February 18, 2010 at 2:00 am 1 comment

What do you think about Pete Warden releasing profile data of 215 million Facebook users? Well, he hasn’t released the data yet as far as I know: the question for me is should he?  If you have no idea what I’m talking about, here’s a quick run-down.

Warden apparently found a back-door into Facebook and has been able to access public profiles. He’s now amassed a database stuffed full of names, fan pages and lists of friends for 215 million public Facebook accounts. Because he by-passed Facebook’s login procedure, he is not bound by Facebook’s Terms of Service.

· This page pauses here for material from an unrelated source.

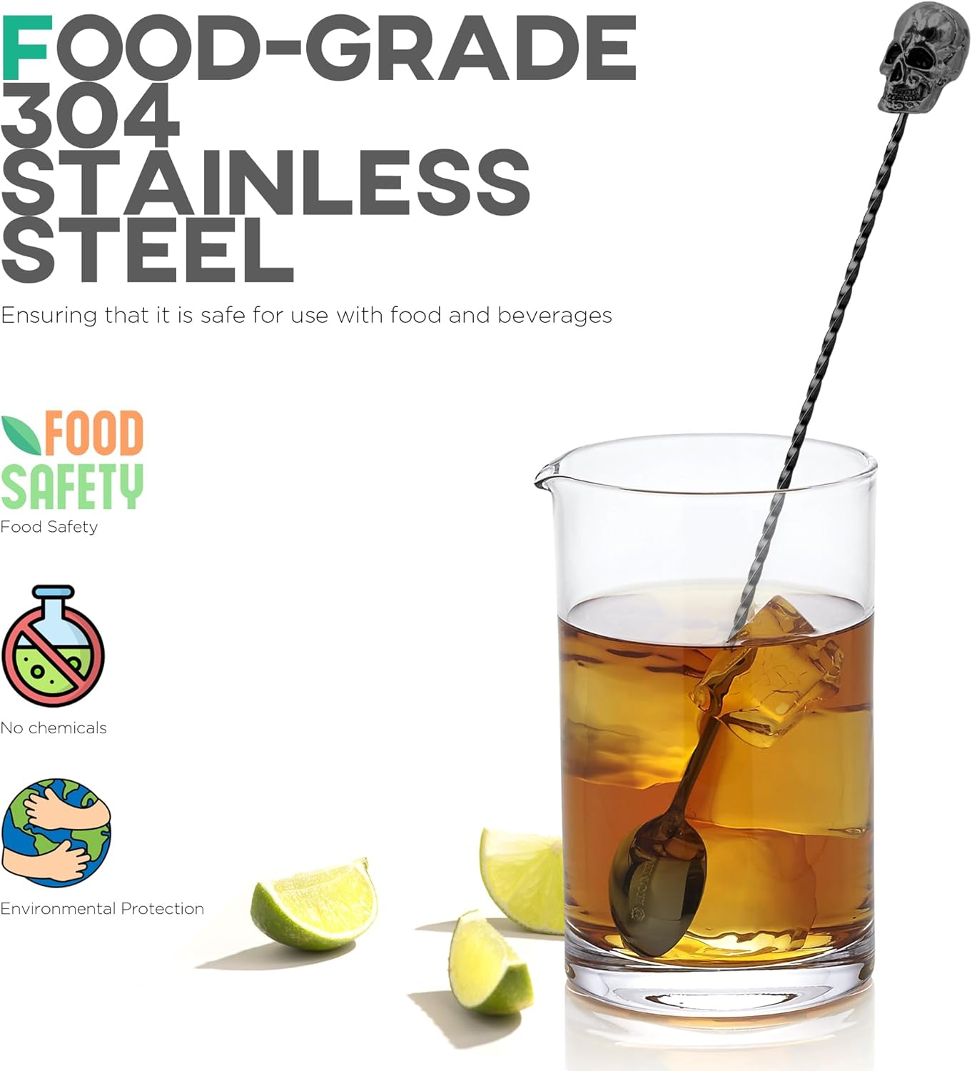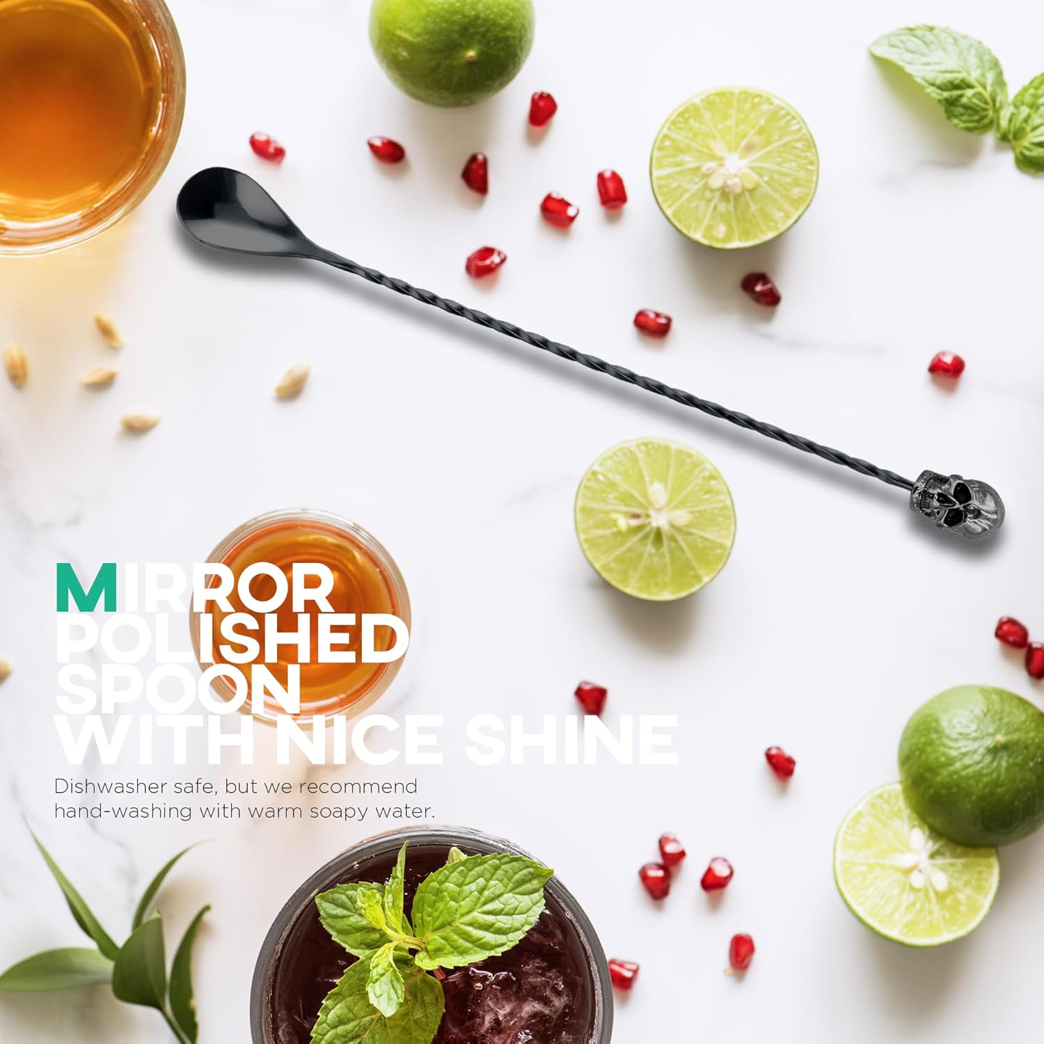 - OPERATION: The zinc alloy skull decoration on the top of the spoon adds a unique and charming style to your bar tools, and a spiral shaped rod in the middle for better control and grip, designed to spin effortlessly. Perfect for stirring drinks, mixing cocktails, juices, smoothies or milkshakes.

Now, I’m sympathetic to researchers and academics wanting to know how people use Facebook, demographics, connections, patterns and so on but I don’t think he should release the data. He’s already published some data and released visualisations but here’s why I don’t think he should be going any further.

  • just because people have made their profiles available on Facebook doesn’t mean they expect or want to be part of some research project. I certainly wouldn’t want all my connections to be visualised or analysed or plonked on some database. I have not given my consent for this extension of my public profile. And Michael Zimmer adds a further dimension – what makes Facebook compelling (not for me mind you) is that it’s about people and their connections. If someone wants to friend you or find you, it’s you they want to find. Zimmer says: “Rather than trying to find me, Warden has systematically sought everyone, letting a script do the work of seeking and harvesting my data”.
  • if you have a look at one of the visualisations for New Zealand, for example, people are readily identifiable. How do we know who will use this data and for what purposes?
  • one would hope people don’t take his research results and apply it to the population as a whole and try to come up with some brilliant insights into society. His research is on Facebook only and not everyone on this planet uses FB and not everyone on this planet is even involved with social networks. And as Danah Boyd has pointed out, different types of people use Facebook and MySpace.
  • I would suspect there’s a difference between what people say on FB and reality. I’m not clear yet whether his research will be applicable only to the online world or whether Warden will extrapolate to the offline world.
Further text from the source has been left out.